AVAILABLE DATA:
________________________

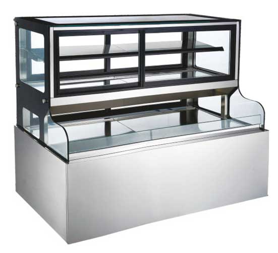 Showcase pendingin dengan dual fungsi dan akses, bagian chest untuk memajang minuman, sedangkan superstructure atas untuk memajang kue atau pastry
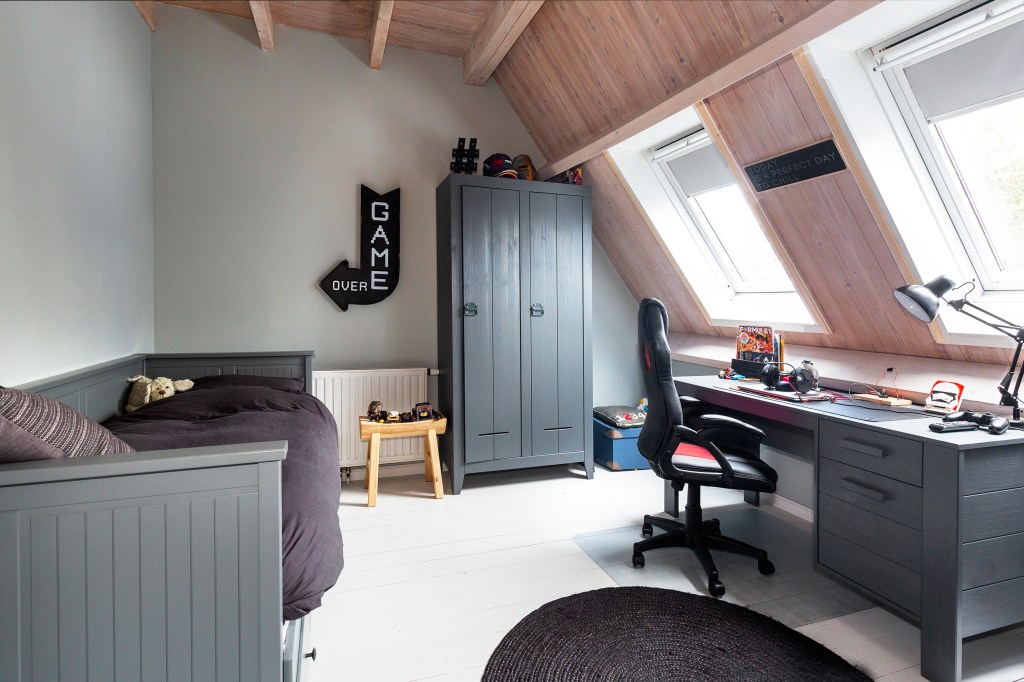 Daarentegen hebben we qua meubels juist gekozen voor een oud bankje en meidenkastje, de combinatie van oud en nieuw maakt dat het wat meer leeft.
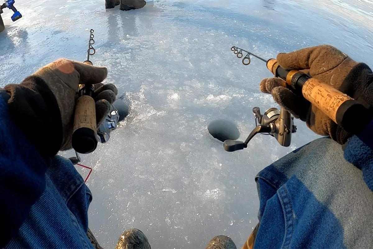 Adding spring bobbers to our rod tips increase our catch rates immensely. (Photo courtesy of Bob Humphrey) Our initial expeditions were mostly mid- to late season, when many fish have entered their winter torpor and bite reluctantly. This year we made it out early and found fish a lot more eager to bite baits. The traps kept pace with jigging and increased the variety of our catch. We caught bass, pickerel, and even broke off a couple big pike. We’ll be even more prepared next time.
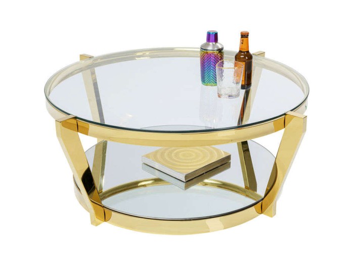 Τα τραπεζάκια σαλονιού είναι σαν τις τσάντες - προσθέτουν την τελευταία πινελιά σε μια εμφάνιση. Δεν είναι μόνο το γυαλιστερό πλαίσιο αυτού του τραπεζιού σαλονιού που γοητεύει, αλλά και ο συνδυασμός της διάφανης και της αντανακλαστικής επιφάνειας του τραπεζιού.Highlight για το σαλόνι: ένα στρογγυλό τραπεζάκι σαλονιού από γυαλισμένο ανοξείδωτο ατσάλι με δύο επιφάνειες,Ένα λαμπερό τραπεζάκι σε χρυσό και γυαλί με πολυτελή εφέ καθρέφτη

________________________

EXERCISE:
Only the pictures are dropped when you print the material; everything else is copied exactly.

FINAL ANSWER:
 Showcase pendingin dengan dual fungsi dan akses, bagian chest untuk memajang minuman, sedangkan superstructure atas untuk memajang kue atau pastry
 Daarentegen hebben we qua meubels juist gekozen voor een oud bankje en meidenkastje, de combinatie van oud en nieuw maakt dat het wat meer leeft.
 Adding spring bobbers to our rod tips increase our catch rates immensely. (Photo courtesy of Bob Humphrey) Our initial expeditions were mostly mid- to late season, when many fish have entered their winter torpor and bite reluctantly. This year we made it out early and found fish a lot more eager to bite baits. The traps kept pace with jigging and increased the variety of our catch. We caught bass, pickerel, and even broke off a couple big pike. We’ll be even more prepared next time.
 Τα τραπεζάκια σαλονιού είναι σαν τις τσάντες - προσθέτουν την τελευταία πινελιά σε μια εμφάνιση. Δεν είναι μόνο το γυαλιστερό πλαίσιο αυτού του τραπεζιού σαλονιού που γοητεύει, αλλά και ο συνδυασμός της διάφανης και της αντανακλαστικής επιφάνειας του τραπεζιού.Highlight για το σαλόνι: ένα στρογγυλό τραπεζάκι σαλονιού από γυαλισμένο ανοξείδωτο ατσάλι με δύο επιφάνειες,Ένα λαμπερό τραπεζάκι σε χρυσό και γυαλί με πολυτελή εφέ καθρέφτη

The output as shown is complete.